Configuration
Every Flask app needs settings — database URLs, secret keys, debug modes. Hardcoding these in your app is a bad idea because different environments need different values. Flask's configuration system lets you manage settings cleanly across development, testing, and production.
The config Dictionary
Flask stores configuration in app.config, which behaves like a dictionary. You can set values directly or load them from an object.
app = Flask(__name__)
app.config['SECRET_KEY'] = 'your-secret-key-here'
app.config['SQLALCHEMY_DATABASE_URI'] = 'sqlite:///dev.db'
app.config['DEBUG'] = True
app.config['SQLALCHEMY_TRACK_MODIFICATIONS'] = False
The SECRET_KEY is critical — it's used for signing sessions, cookies, and other security features. Never commit this to version control.
Config Classes
For real apps, organize your settings into classes. Each environment gets its own class with appropriate values.
import os
class Config:
SECRET_KEY = os.environ.get('SECRET_KEY', 'dev-fallback-key')
SQLALCHEMY_TRACK_MODIFICATIONS = False
class DevelopmentConfig(Config):
DEBUG = True
SQLALCHEMY_DATABASE_URI = 'sqlite:///dev.db'
class TestingConfig(Config):
TESTING = True
SQLALCHEMY_DATABASE_URI = 'sqlite:///test.db'
class ProductionConfig(Config):
DEBUG = False
SQLALCHEMY_DATABASE_URI = os.environ.get('DATABASE_URL')
config = {
'development': DevelopmentConfig,
'testing': TestingConfig,
'production': ProductionConfig,
'default': DevelopmentConfig
}
app = Flask(__name__)
app.config.from_object(config[os.environ.get('FLASK_ENV', 'default')])
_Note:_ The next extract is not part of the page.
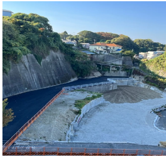
令和5年11月4日 駐車場工事
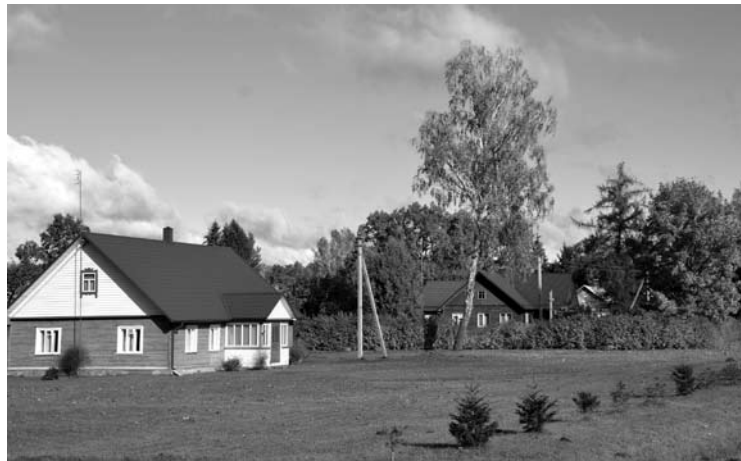
Pauriškių kaimo sodybos išsidėstę vienoje eilėje palei Anykščių-Rokiškio plentą.

Now you just set the FLASK_ENV environment variable and the right configuration loads automatically. Development uses SQLite, testing uses a separate test database, and production pulls from environment variables.
Environment Variables
Environment variables are the standard way to handle secrets and environment-specific values. They live outside your code so they never get committed to git.
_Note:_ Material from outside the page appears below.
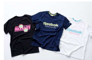
CVT90 TEE HXL LOGO
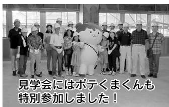
見学会にはポテくまくんも特別参加しました!

# Reading environment variables
import os
secret_key = os.environ.get('SECRET_KEY')
database_url = os.environ.get('DATABASE_URL')
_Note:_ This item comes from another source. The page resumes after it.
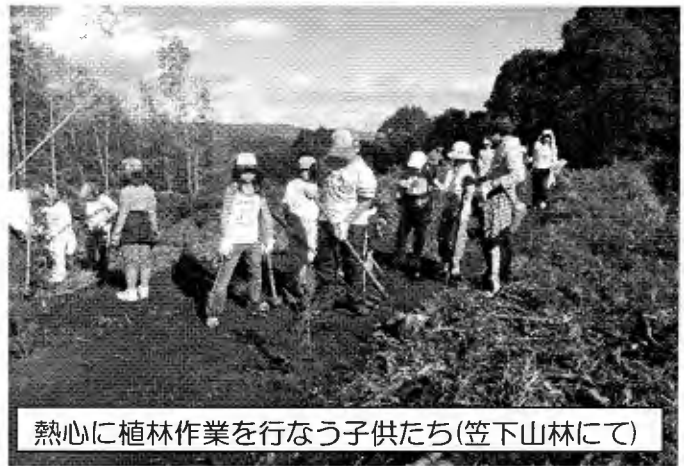
熱心に植林作業を行なう子供たち(笠下山林にて)

また、鹿川チェーンソーアートレンジャー部隊によるチェーンソーアートの見学では、杉の丸太から作られる鯉などの彫刻に歓声が上がっていました。

debug_mode = os.environ.get('DEBUG', 'False').lower() == 'true'
# Set defaults for development
app.config['SECRET_KEY'] = os.environ.get('SECRET_KEY', 'dev-secret')
app.config['DEBUG'] = os.environ.get('DEBUG', 'True').lower() == 'true'
.env Files with python-dotenv
During development, manually setting environment variables is tedious. The python-dotenv library lets you put them in a .env file that loads automatically.
# Install: pip install python-dotenv
from dotenv import load_dotenv
load_dotenv() # Loads variables from .env file
app.config['SECRET_KEY'] = os.environ.get('SECRET_KEY')
app.config['SQLALCHEMY_DATABASE_URI'] = os.environ.get('DATABASE_URL')
Your .env file would look like this:
SECRET_KEY=my-super-secret-key
DATABASE_URL=sqlite:///dev.db
DEBUG=True
Make sure .env is in your .gitignore — it contains secrets that should never be in version control.
Key Configuration Values
Every Flask app needs a few essential settings. SECRET_KEY for security, SQLALCHEMY_DATABASE_URI for the database, and DEBUG for development mode. Beyond that, you'll add things like mail server settings, API keys, and file upload limits as your app grows.
Why Configuration Management Matters
Good configuration management means your app works everywhere without code changes. Developers run with debug mode on, testers use a test database, and production uses secure environment variables. It's the difference between an app that "works on my machine" and one that works everywhere.